Pulled pork…’nough said, right? This recipe is just kicked up a notch by the addition of apricot preserves and candied jalapenos. Although there is not a pronounced “apricot-y” flavor, the preserves add a touch of sweetness that always works for pulled pork. If you would like additional apricot flavor, simply spread some preserves on the bun before you pile it high place a normal serving size of pork atop. Every once in a while you will bite into a candied jalapeño followed by a gently creeping heat that makes this pork particularly sassy.

3 & 1/2 lb {or thereabouts} pork butt or shoulder
1 {18oz or thereabouts} jar apricot preserves
1 small onion
1/2 cup candied jalapeños {you may substitute pickled jalapenos}
1/3 cup chicken stock
1/3 cup apple cider vinegar
1/4 cup barbecue sauce {your fave kind}
2 Tablespoons Dijon mustard
8-10 cloves garlic
Tony Chachere’s seasoning salt
Salt and pepper

Season pork butt with seasoning salt, salt and pepper and rub in all over. Cut a few slits here and there throughout the pork to insert the cloves of garlic.

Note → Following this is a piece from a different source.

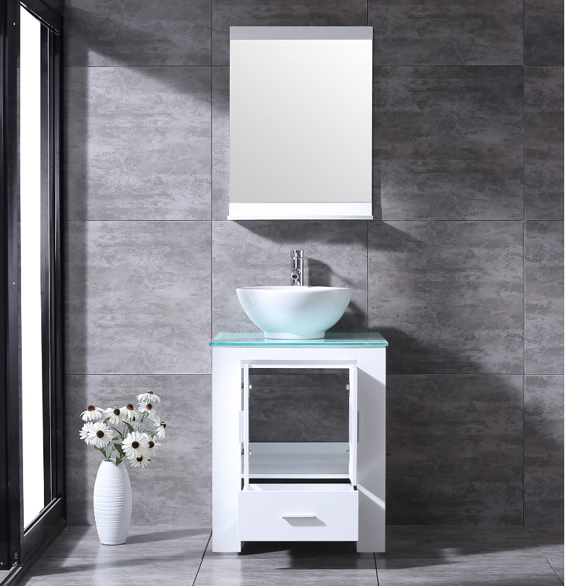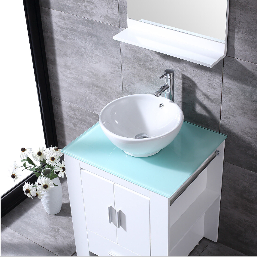 24" Modern Bathroom Vanity Plywood Cabinet Ceramic Vessel Sink Faucet Drain Set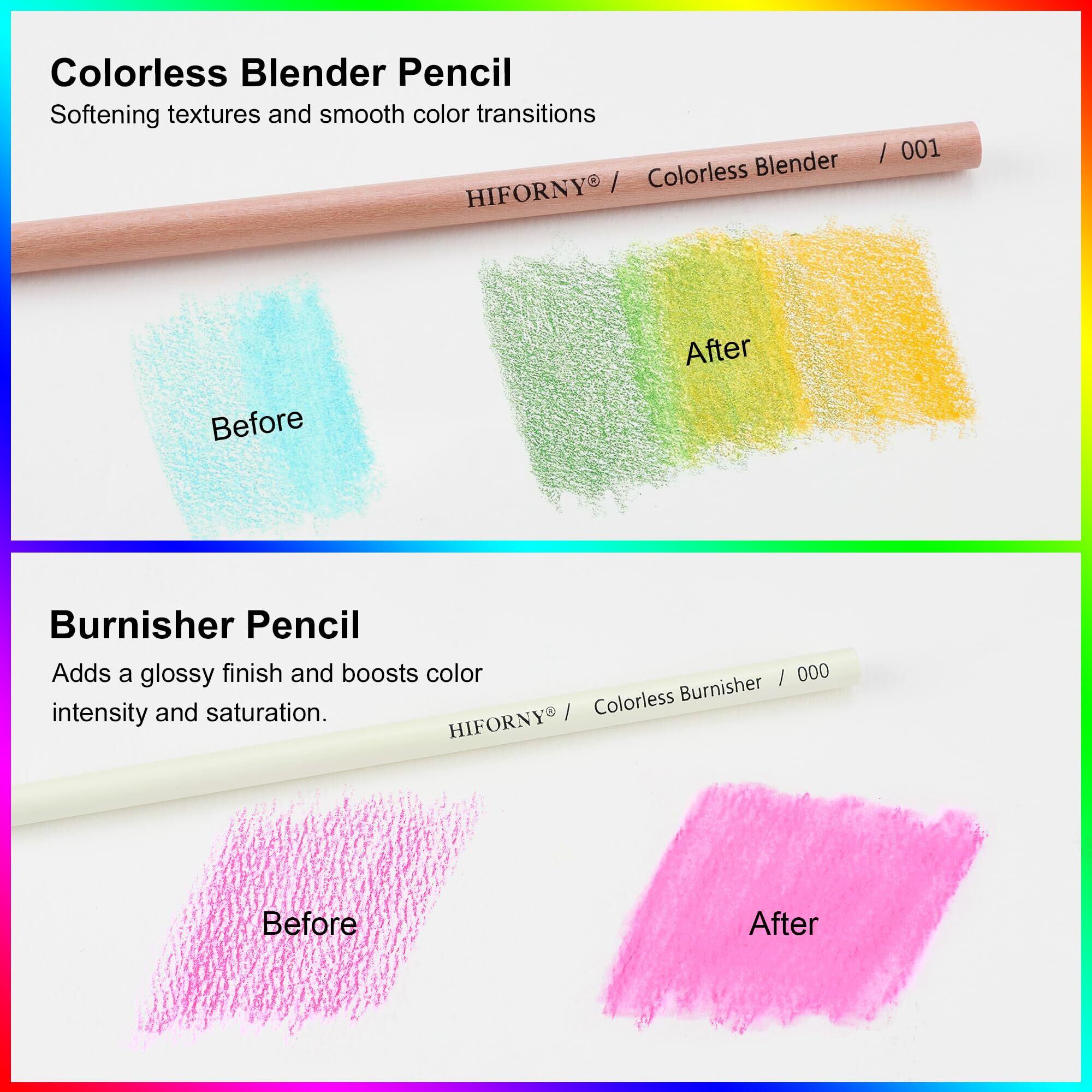 ブレンダー&バーニッシャー – アートワークを高めましょう:付属の無色のブレンダーペンシルは、色をシームレスにブレンドして滑らかにし、ソフトな移行と洗練された仕上げを作り出します。 バーニッシャーペンシルは光沢仕上げを加え、色の濃さと彩度を高めます。深みと鮮やかさ、プロ級の外観を描くのに最適です。

Coarsely chop onion and add to the crock pot along with the next five ingredients. Place pork in the crock pot and turn a few times to cover with ingredients. Place lid on crock pot and cook on low for 8-9 hours. I know, I know, it’s a long time, but believe me, the results are worth the wait. Remove pork from crock pot in a large bowl and allow to cool… enough to handle. Preserve juices/gravy from crock pot in another container. When pork is cooled, shred either with two forks or break apart with your hands. When ready to need store, place in a container with some of the gravy. It is always good to save all the gravy, just in case you need extra later. Serve up on buns and enjoy.